Las Vegas Sun

March 28, 2024

Legal costs mount as Nevada fights patient busing lawsuit

Greyhound bus

Associated Press

Hundreds of patients over several years were discharged from Rawson-Neal Psychiatric Hospital in Las Vegas and placed on Greyhound buses bound for cities across the country.

Click to enlarge photo

This is the front sign for the Rawson-Neal Psychiatric Hospital Tuesday, May 7, 2013.

Nevada is shelling out big money to defend itself in a class action lawsuit alleging the Department of Health and Human Services misused public money and jeopardized the lives of nearly 500 mental health patients in what’s known as the Greyhound busing scandal.

The state’s board of examiners will vote today to approve a $400,000 contract extension between Nevada and a California-based law firm Bingham McCutchen to fight claims that mental health patients were discharged from hospitals, ushered onto buses and transported to various cities in California to pass off the cost of treating mental health patients.

The contract highlights the cost the state must endure in and out of the courtroom.

If approved, the contract extension will mean the state has allocated more than $1.9 million to defend itself in the suit, which was filed by the City and County of San Francisco on behalf of more than 50 California towns that were harbors for Nevada mental health patients between 2008 and 2013.

Nevada needs a California-licensed attorney to fight the case in that state, said Jennifer Lopez, a spokeswoman for the Nevada Attorney General’s Office. State officials made their case for the expense to the Legislature’s Interim Finance Committee on Monday. The committee approved the appropriations, signaling that the board will follow suit.

Court filings show that Nevada has aggressively tried to quash the case since it was first filed in September 2013.

“It was the individuals, and not the Nevada State Defendants, who took the (intervening) steps to reach California and, allegedly, seek additional medical care,” Nevada’s legal counsel wrote about the discharged mental health patients in legal filings.

Court filings also show that Nevada said that the mental health patients made “unilateral” decisions about where to go.

But a trial court and a state court of appeals said San Francisco does have the authority to charge Nevada. Nevada’s legal counsel then appealed to the California Supreme Court, which hasn’t stated whether it will hear the case.

In court filings, a San Francisco County judge painted Nevada as a state trying to save money by shifting costs to California. It said some patients were medicated when they were given bus vouchers and instructions to call emergency rooms, shelters and other treatment facilities when they arrived in California.

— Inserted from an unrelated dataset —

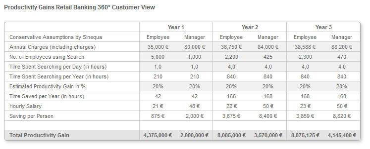 Consider the case of one of the largest European retail banks, as a point in case for the accumulation of many small gains (“sand grains”) to a very large ROI (“sand dune”). In fact, the time saved by several tens of thousands of employees across about 40 regional organisations adds up to staggering amounts.

Between July 2007 and March 2013, Southern Nevada health officials had a policy to “assist patients” back to their home communities as a way to “remove the burden of treatment from the State of Nevada,” according to legal filings from John Munter, a San Francisco County judge.

The state was having budget problems. The Southern Nevada psychiatric hospital, Rawson-Neal, was consistently filled to capacity and understaffed. There was tremendous pressure to discharge patients, according to Munter’s filings.

Munter also wrote that Nevada “expressly targeted” California to achieve a result that would “impose financial burdens on California communities.”

“At least to some discharged patients, [Nevada] did not give [patients] any meaningful choice other than to go to California or any meaningful options to remain in Nevada,” Munter wrote. “In some instances, defendants gave referrals to medical care and housing facilities in California but not in Nevada, and advice that follow-up care was available in California but not in Nevada.”

The lawsuit alleges that Nevada’s busing practice forced California to misappropriate resources.

It cost the City of San Francisco $4 million to treat 21 Nevada patients who were bused into the state.

Of those 21 patients, more than half had no prior relationship with the state of California, according to court records.

And San Francisco wasn’t alone. Patients popped up in Sacramento and 50 other California cities.

The total cost for the whole state is still unknown.

At home, Nevada has done its best to repair the state’s mental health system.

From 2007 to 2011, the Legislature cut $80 million from the mental health budget.

Gov. Brian Sandoval has made efforts to make up for the losses and the nefarious spotlight that flung to the state when the busing scandal first made headlines. He’s done so alongside Mike Willden, Sandoval’s current chief of staff and former health department director listed as a defendant on the lawsuit.

They have boosted mental health funding by at least $30 million, and Sandoval signed an executive order to create the Behavioral Health and Wellness Council to oversee state programs and make recommendations. Since June, it has advocated for and Sandoval has awarded at least $3.5 million in state funding. More than 100 beds for mental health patients have been added to hospitals statewide.